Personal information
- Born: 24 May 1844 Eastwood, Nottinghamshire, England
- Died: 13 September 1892 (aged 48) Prestwich, Lancashire, England
- Batting: Right-handed
- Bowling: Right-arm fast
- Relations: Michael McIntyre (brother); Martin McIntyre (brother);

Domestic team information
- 1869–1871: Nottinghamshire
- 1872-1880: Lancashire
- FC debut: 17 May 1869 All England Eleven v United England Eleven
- Last FC: 22 July 1880 Lancashire v Gloucestershire

Career statistics
| Competition | First-class |
| Matches | 97 |
| Runs scored | 1,323 |
| Batting average | 10.41 |
| 100s/50s | 0/4 |
| Top score | 99 |
| Balls bowled | 18,573 |
| Wickets | 510 |
| Bowling average | 12.61 |
| 5 wickets in innings | 53 |
| 10 wickets in match | 14 |
| Best bowling | 8/31 |
| Catches/stumpings | 69/– |
- Source: CricketArchive, February 2011

= William McIntyre (English cricketer) =

English cricketer

William McIntyre (24 May 1844 - 13 September 1892) was an English cricketer who played first-class cricket for Nottinghamshire from 1869 to 1871 and for Lancashire from 1872 to 1880.

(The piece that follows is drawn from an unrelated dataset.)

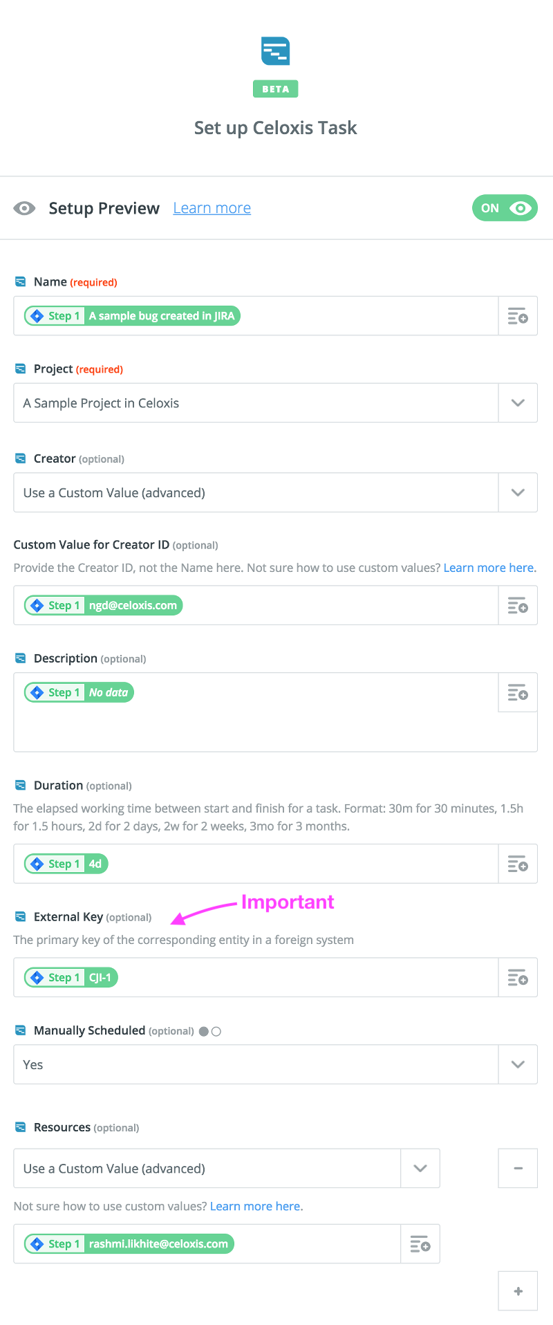 Note how the task field is mapped to use the task found out in the previous step. Rest of the fields are used as a sample.

McIntyre was born at Eastwood, Nottinghamshire and is first recorded as playing for Eastwood in 1866. In 1867, he began as a professional with the Nottingham Commercial Club at Trent Bridge and also started playing for the All England Eleven. A match for All England against the United England Eleven in 1869 marked his first-class debut. Also in 1869 he started playing for Nottinghamshire and achieved his career highest score of 99 in his second match of the season against Kent. In 1870 he took 3 five-wicket innings and took ten wickets in one match. Also in 1870 he took up a post with Bolton Cricket Club. His form for Nottinghamshire dropped in the 1871 season and in 1872, with residency established, he started playing for Lancashire. In the first six seasons he took 40 five wicket innings and had 12 ten-wicket matches. He was a nemesis to newly formed Derbyshire, who gave him 14 five wicket innings, and he achieved his best performance of 8 for 31 against Derbyshire in 1877. He left the Bolton Club at the end of the 1877 season and a benefit match was held for him on 14 September between A.N.Hornby's XI and Sixteen of Bolton. His next position was with Castleton Club at Rochdale. His form declined in 1878 and 1879 and he played his last season for Lancashire in 1880.

McIntyre was a right-arm fast bowler and took 510 first-class wickets at an average of 12.61 and a best performance of 8 for 31. He was a right-handed batsman and played 151 innings in 97 first-class matches with an average of 10.41 and a top score of 99. His benefit season of 1881 at Lancashire raised £1,000.

McIntyre remained with Castleton Club until 1882 and then umpired three matches for Cambridge University in 1882 and 1883.

McIntyre died at the asylum at Prestwich, Lancashire at the age of 48 and was buried in Bolton Cemetery. His brothers Michael McIntyre and Martin McIntyre also played for Nottinghamshire.